Saxon was certainly a brand applied to export Ruhla watches in the 1980s, however also in the 1980s, there were very cheap digital watches being made in Hong Kong with the same brand. An example was cited in Max Cutmore's 'Watches 1850-1980'. So who actually owned the Saxon brand is anybody's guess. It must be remembered that Ruhla also sold movements and complete watches to foreign companies.

Your particular watch has a definite Hong Kong flavour to it, particularly the design and composition of the case. I seriously doubt it has ever seen East Germany. The movement is from the People's Republic of China, probably from one of the lower-grade factories as it lacks any identification marks. In the late 1980s/early 1990s, when your watch was probably made, the Chinese Standard Movement was being made in maybe 3 dozen factories across China. And I mean 'made' as in from raw metal to complete watch.

After the Swiss pin-lever movement supply dried up in the early 1980s, the Hong Kong companies switched initially to Soviet movements (of much higher grade than the Swiss they replaced). As trade with the Mainland picked up, the watchmakers found the Standard movement could be had for next to nothing. It's an excellent design, but the menufacturing tolerances fro mone factory to another can vary enormously.

Here's more information than you'll ever want on the subject:

http://www.tractionink.com/watch_wiki/inde...andard_Movement


----------



## mel

Chas, thanks for posting this - obne learns (or should learn) something new each day! 

Just in the throwaway tagline at the bottom of the wiki is the line about the "pseudo-Russian Slava Sidovsky" which is yet another confirmation of what we've all been suspecting about the so-called "Slava" watches on the bay and elsewhere - by co-incidence I'm wearing one of mine at this moment, hand wind 17 jewel display back, I've just taken it of and checked and it does indeed look a bit like the "Standard Movemnet" through the glass back :yes:

OTOH, the Slava has the balance located where the "17 jewel" signature is on the photo above, and the rest is sort of "inverted" as it where.
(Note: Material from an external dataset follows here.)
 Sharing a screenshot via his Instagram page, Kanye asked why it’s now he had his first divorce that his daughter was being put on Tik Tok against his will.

Mind you it is a day date unit - maybe that affects placing.


----------



## Chascomm

mel said:


> Chas, thanks for posting this - obne learns (or should learn) something new each day!
> 
> Just in the throwaway tagline at the bottom of the wiki is the line about the "pseudo-Russian Slava Sidovsky" which is yet another confirmation of what we've all been suspecting about the so-called "Slava" watches on the bay and elsewhere - by co-incidence I'm wearing one of mine at this moment, hand wind 17 jewel display back, I've just taken it of and checked and it does indeed look a bit like the "Standard Movemnet" through the glass back :yes:
> 
> OTOH, the Slava has the balance located where the "17 jewel" signature is on the photo above, and the rest is sort of "inverted" as it where. Mind you it is a day date unit - maybe that affects placing.


Balance just off 6 o'clock? It could be the Hangzhou Xihu. They've been seen in Slava Sozvezdie as well. would this be a slightly smaller movement, say about 20mm?
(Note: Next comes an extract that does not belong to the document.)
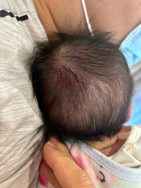 → tai0910 : 原po意思應該是 出生時只有後頸有紅斑 頭上的是出生 10/27 23:22

We've got an entry on Hangzhou, too:

http://www.tractionink.com/watch_wiki/inde...u_Watch_Company


----------



## andy s

dombox40 said:


> Did not know where to post this piece its not Russian or swiss or Japanese but I know it comes from the old GDR, which was a puppet state of the old USSR. Its quite a good watch keeps good time and lasts for about 48hrs on a full wind, I assume its a chinese movement I think the 17 Zuan gives it away. Anyway i was wondering if aybody else has one or knows anything about the maker.


Hi dombox i have seen the same movement in a sea gull watch marked 17 zuan shanghai


----------



## dombox40

Well thanks for all the replies plenty to consider there and a lot of information to digest.


----------



## JonW

Best on Denim & Leather? groan...


----------